START Collected data
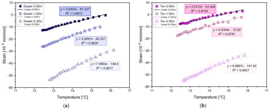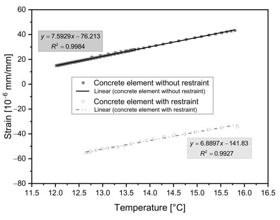 If there is no restraint on concrete volume changes, the slope of the line should be close to the slope of the unrestrained concrete that is equal to the coefficient of thermal expansion (CTE) []. Therefore, Equation (7) can be expressed in terms of CTE:
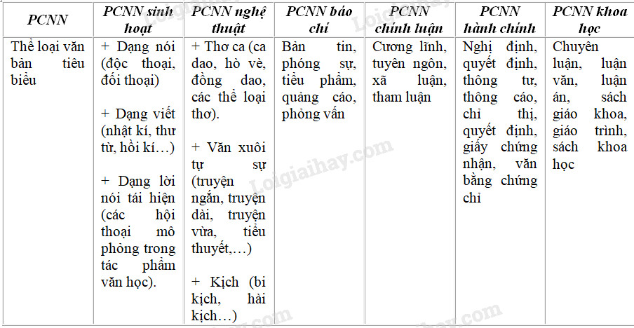 Phong cách ngôn ngữ và các thể loại văn bản tiêu biểu
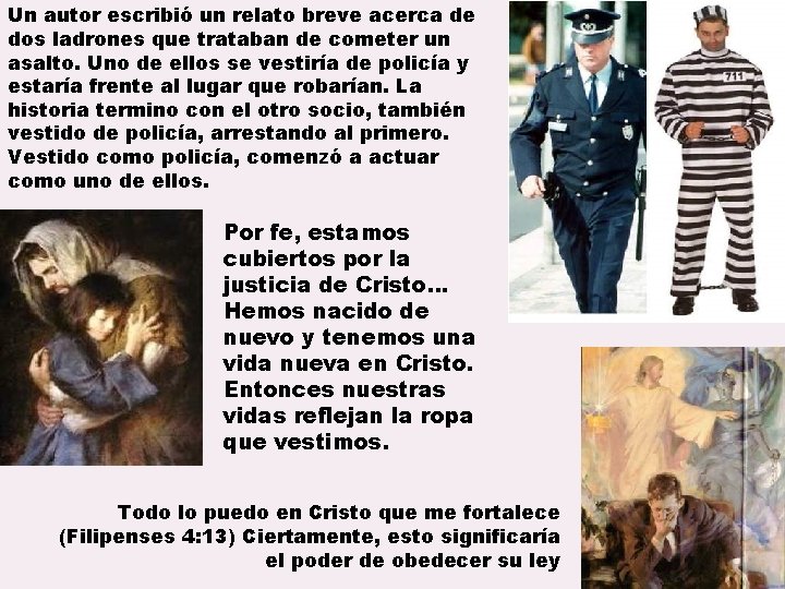 Un autor escribió un relato breve acerca de dos ladrones que trataban de cometer un asalto. Uno de ellos se vestiría de policía y estaría frente al lugar que robarían. La historia termino con el otro socio, también vestido de policía, arrestando al primero. Vestido como policía, comenzó a actuar como uno de ellos. Por fe, estamos cubiertos por la justicia de Cristo… Hemos nacido de nuevo y tenemos una vida nueva en Cristo. Entonces nuestras vidas reflejan la ropa que vestimos. Todo lo puedo en Cristo que me fortalece (Filipenses 4: 13) Ciertamente, esto significaría el poder de obedecer su ley
END Collected data
**Problem statement:** Every word of the material above should be copied exactly; no pictures.

**Final answer:**
 If there is no restraint on concrete volume changes, the slope of the line should be close to the slope of the unrestrained concrete that is equal to the coefficient of thermal expansion (CTE) []. Therefore, Equation (7) can be expressed in terms of CTE:
 Phong cách ngôn ngữ và các thể loại văn bản tiêu biểu
 Un autor escribió un relato breve acerca de dos ladrones que trataban de cometer un asalto. Uno de ellos se vestiría de policía y estaría frente al lugar que robarían. La historia termino con el otro socio, también vestido de policía, arrestando al primero. Vestido como policía, comenzó a actuar como uno de ellos. Por fe, estamos cubiertos por la justicia de Cristo… Hemos nacido de nuevo y tenemos una vida nueva en Cristo. Entonces nuestras vidas reflejan la ropa que vestimos. Todo lo puedo en Cristo que me fortalece (Filipenses 4: 13) Ciertamente, esto significaría el poder de obedecer su ley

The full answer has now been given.